Lily Huang et al. Am J Med Sci. 2012 Oct.

Abstract

Introduction: This study was performed to determine whether chronic direct renin inhibition can prevent the development of slowly progressive angiotensin (ANG) II-dependent hypertension and the associated derangements in renal function in Cyplal-Ren2 transgenic rats with inducible expression of the Ren2 gene.
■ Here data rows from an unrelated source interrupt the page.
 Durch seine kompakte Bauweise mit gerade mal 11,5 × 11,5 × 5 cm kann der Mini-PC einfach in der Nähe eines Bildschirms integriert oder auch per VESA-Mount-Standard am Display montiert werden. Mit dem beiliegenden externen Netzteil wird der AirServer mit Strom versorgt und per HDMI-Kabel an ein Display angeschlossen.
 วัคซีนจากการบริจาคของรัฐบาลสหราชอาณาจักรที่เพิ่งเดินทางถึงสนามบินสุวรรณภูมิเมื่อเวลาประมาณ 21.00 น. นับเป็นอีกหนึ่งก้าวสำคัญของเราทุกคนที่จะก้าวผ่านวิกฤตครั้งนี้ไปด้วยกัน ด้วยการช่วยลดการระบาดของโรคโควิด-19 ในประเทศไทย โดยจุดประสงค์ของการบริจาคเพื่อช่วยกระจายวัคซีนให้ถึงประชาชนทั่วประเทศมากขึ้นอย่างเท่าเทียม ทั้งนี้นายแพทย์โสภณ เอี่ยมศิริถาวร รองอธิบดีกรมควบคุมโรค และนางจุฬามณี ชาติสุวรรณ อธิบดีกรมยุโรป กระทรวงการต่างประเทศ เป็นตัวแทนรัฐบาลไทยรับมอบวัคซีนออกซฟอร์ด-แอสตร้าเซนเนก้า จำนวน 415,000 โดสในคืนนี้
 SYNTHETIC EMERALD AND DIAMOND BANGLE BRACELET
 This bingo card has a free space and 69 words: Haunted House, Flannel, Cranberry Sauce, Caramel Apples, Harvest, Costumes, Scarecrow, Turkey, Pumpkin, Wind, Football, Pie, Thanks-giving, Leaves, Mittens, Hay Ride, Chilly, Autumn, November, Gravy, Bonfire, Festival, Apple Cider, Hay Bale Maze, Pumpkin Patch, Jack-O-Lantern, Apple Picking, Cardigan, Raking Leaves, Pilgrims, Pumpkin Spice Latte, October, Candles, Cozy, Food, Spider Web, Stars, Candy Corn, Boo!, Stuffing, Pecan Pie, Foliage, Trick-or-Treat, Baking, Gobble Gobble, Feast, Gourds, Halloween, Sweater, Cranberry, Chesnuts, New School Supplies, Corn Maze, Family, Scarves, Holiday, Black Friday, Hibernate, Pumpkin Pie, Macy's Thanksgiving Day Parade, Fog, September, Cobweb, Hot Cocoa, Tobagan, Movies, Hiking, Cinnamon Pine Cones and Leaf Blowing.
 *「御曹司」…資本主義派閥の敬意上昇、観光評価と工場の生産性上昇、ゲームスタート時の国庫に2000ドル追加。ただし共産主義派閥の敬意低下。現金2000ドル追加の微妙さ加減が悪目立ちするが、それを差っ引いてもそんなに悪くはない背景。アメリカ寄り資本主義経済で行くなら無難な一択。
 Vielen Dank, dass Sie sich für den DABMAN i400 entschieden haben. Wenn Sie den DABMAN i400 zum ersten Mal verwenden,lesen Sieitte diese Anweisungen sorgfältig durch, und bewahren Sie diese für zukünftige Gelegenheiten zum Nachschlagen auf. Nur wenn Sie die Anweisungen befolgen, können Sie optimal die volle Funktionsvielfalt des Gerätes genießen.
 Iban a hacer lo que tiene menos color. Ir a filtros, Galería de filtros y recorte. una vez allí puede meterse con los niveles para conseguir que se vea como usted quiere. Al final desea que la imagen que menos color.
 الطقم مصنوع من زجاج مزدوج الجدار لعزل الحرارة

Methods: Male Cyplal-Ren2 rats (n = 6) were fed a normal diet containing 0.15% indole-3-carbinol (I3C) for 16 days to induce slowly progressive ANG II-dependent hypertension. Conscious systolic blood pressure was measured daily using tail-cuff plethysmography. The rats were then anesthetized with pentobarbital sodium and surgically prepared for the measurement of mean arterial pressure (MAP) and renal hemodynamics and excretory function.

Results: In rats induced with I3C, systolic blood pressure increased by day 3 (130 ± 7-160 ± 5 mm Hg, P < 0.01) and continued to increase to 191 ± 6 mm Hg (P < 0.001) by day 16. In a separate group of rats (n = 6), chronic administration of the direct renin inhibitor, aliskiren (30 mg/kg/d, sc), prevented the development of hypertension (113 ± 5 versus 114 ± 5 mm Hg, not significant). Rats treated with aliskiren exhibited significantly lower mean arterial pressure (138 ± 4 versus 201 ± 6 mm Hg, P < 0.001), renal vascular resistance (23 ± 4 versus 38 ± 3 mm Hg/mL/min · g, P < 0.01), urine flow (17.6 ± 1.4 versus 25.1 ± 2.9 μL/min, P < 0.05) and urinary sodium excretion (1.11 ± 0.32 versus 2.35 ± 0.28 μEq/min, P < 0.05) and higher renal plasma flow (4.22 ± 0.23 versus 2.56 ± 0.21 mL/min · g, P < 0.01) and glomerular filtration rate (1.19 ± 0.07 versus 0.78 ± 0.08 mL/min · g, P< 0.01), compared with induced rats not treated chronically with aliskiren.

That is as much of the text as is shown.